Note. Beta coefficient and standard errors (in parentheses) are reported; each column represents a separate multilevel linear regression model. Fidelity score is based on 22 items and ranges from 22 to 110. VLC = Virtual Learning Collaborative; TA = Technical Assistance.

p < .05. **p < .01. ***p < .001.

Examining the association between distinct adaptations that were inconsistent with the core forms of the InSHAPE model and fidelity scores, we found that fewer InSHAPE celebrations and having a health mentor who was not a certified personal trainer (a requirement for the health mentor position) were associated with significantly lower mean fidelity scores (β = −5.39; p < .001 and β = −7.78; p < .05, respectively).

Regarding the primary participant-level outcome, the proportion of clients that achieved cardiovascular risk reduction averaged over the 3-, 6-, 9-, and 12 month time points was 50.6%. The results from the multilevel logistic regression models estimating the association between adaptations and the participant-level outcome of cardiovascular risk reduction are presented in Table 3, with each column representing a separate model. We found that a greater number of adaptations overall was associated with significantly higher odds of cardiovascular risk reduction (odds ratio [OR] = 1.40; confidence interval [CI] = [1.08, 1.80]; p < .05). With respect to the relationship between the type of adaptation and cardiovascular risk reduction, fidelity-consistent adaptations were not significantly associated with cardiovascular risk reduction. However, we observed a significant positive association between the number of fidelity-inconsistent adaptations and cardiovascular risk reduction (OR = 1.59; CI = [1.01, 2.51]; p < .05). Exploring potential mechanisms underlying the association between fidelity-inconsistent adaptations and cardiovascular risk reduction, we found that holding health mentor exercise sessions at the mental health facility rather than at the community fitness center to be associated with over 2.5-fold increase in the odds of cardiovascular risk reduction (OR = 2.52; CI = [1.11, 5.70]; p < .05).

Table 3.

Results of the multilevel logistic regression of adaptations on cardiovascular risk reduction.

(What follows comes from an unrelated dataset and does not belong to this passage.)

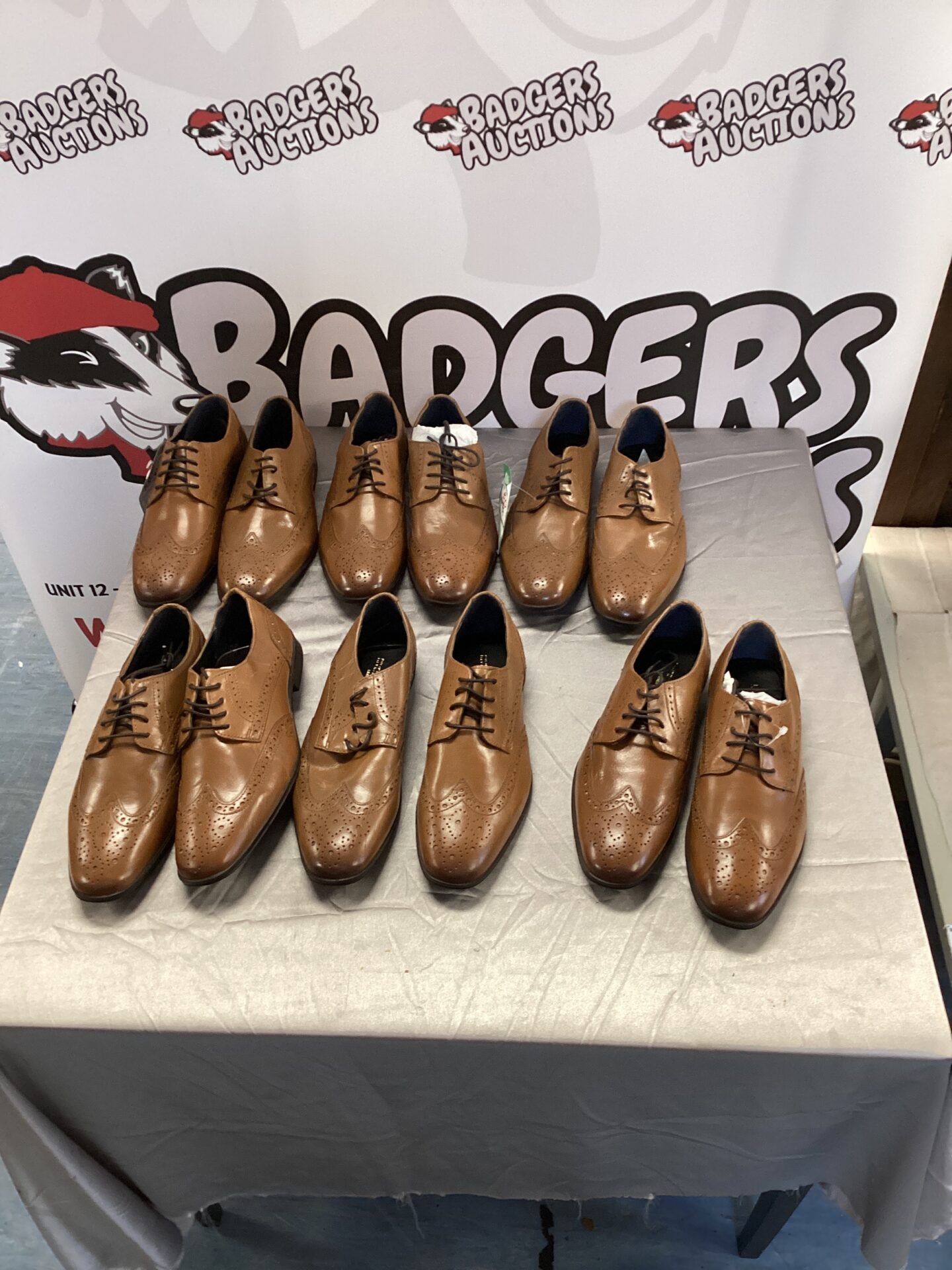 These are a pair of River Island mens brown leather shoes, size 7. They feature a classic formal style, suitable for various occasions. The shoes appear to be constructed from genuine leather, offering both durability and a refined aesthetic.

Odds ratios reported [CI]	(1)	(2)	(3)	(4)
Number of adaptations	1.40*
	[1.08, 1.80]
Number of fidelity-consistent adaptations		1.35
		[0.95, 1.92]
Number of fidelity-inconsistent adaptations			1.59*
			[1.01, 2.51]
Exercise at mental health agency				2.52*
				[1.11, 5.70]
Group and individual sessions				0.55
				[0.11, 2.68]
Fewer celebrations				1.26
				[0.27, 5.86]
Mentor not certified trainer				0.35
				[0.12, 1.01]
VLC (ref.: TA)	0.64	0.67	0.78	0.95
	[0.27, 1.52]	[0.30, 1.50]	[0.34, 1.77]	[0.39, 2.34]
6 months (ref.: 3 months)	3.74***	3.74***	3.73***	3.75***
	[2.61, 5.38]	[2.61, 5.38]	[2.60, 5.37]	[2.61, 5.38]
9 months (ref.: 3 months)	4.61***	4.61***	4.62***	4.62***
	[3.15, 6.73]	[3.16, 6.74]	[3.16, 6.75]	[3.17, 6.74]
12 months (ref.: 3 months)	7.98***	7.98***	8.01***	8.00***
	[4.57, 13.94]	[4.57, 13.94]	[4.58, 13.99]	[4.58, 13.98]
Observations	1,860	1,860	1,860	1,860

Note. Odds ratio and confidence interval (CI; in brackets) are reported; each column represents a separate multilevel logistic regression model; baseline weight and 6-min walk distance in feet were included as covariates in each model. Cardiovascular risk reduction was defined as achieving clinically significant weight loss of ⩾5% body weight or clinically significant increase in cardiorespiratory fitness of >50 m on the 6-Min Walk Test (6-MWT) since baseline. Our initial client sample was N = 1,867. We dropped a total of seven observations (N = 2 at 3 months; N = 1 at 6 months; N = 1 at 9 months; N = 3 at 12 months) since the baseline walk distance was missing for these observations; the final sample size for the multilevel regression models was 1,860. VLC = Virtual Learning Collaborative; TA = Technical Assistance.

p < .05, ***p < .001.

Discussion

The current study leveraged a national implementation study of the evidence-based InSHAPE lifestyle program for adults with SMI to investigate adaptations made to the EBP by InSHAPE teams in real-world mental health agencies and evaluate their relationship with implementation and participant-level outcomes. EBPs are often adapted from their original design when they are implemented in real-world settings to fit provider characteristics, organizational contexts, and service settings (Aarons et al., 2017; Chambers & Norton, 2016). However, limited empirical evidence exists on the relationship between adaptations and implementation and participant outcomes in real-world practice settings. The results of this study showed that adaptations to InSHAPE were common during implementation; 28 of 37 sites (76%) interviewed for this study had made at least one adaptation to InSHAPE. Fidelity-consistent adaptations were not associated with implementation or participant-level outcomes. However, fidelity-inconsistent adaptations were significantly associated with lower fidelity scores and significantly higher odds of achieving cardiovascular risk reduction. The positive association between fidelity-inconsistent adaptations and cardiovascular risk reduction was largely explained by the fidelity-inconsistent adaptation of holding exercise sessions at the mental health agency versus a fitness facility in the community (a core form of the InSHAPE model). While this adaptation altered the delivery of InSHAPE, it did not change the primary function of InSHAPE which was to help individuals with SMI lose weight and improve fitness through exercise and dietary change supported by a health mentor.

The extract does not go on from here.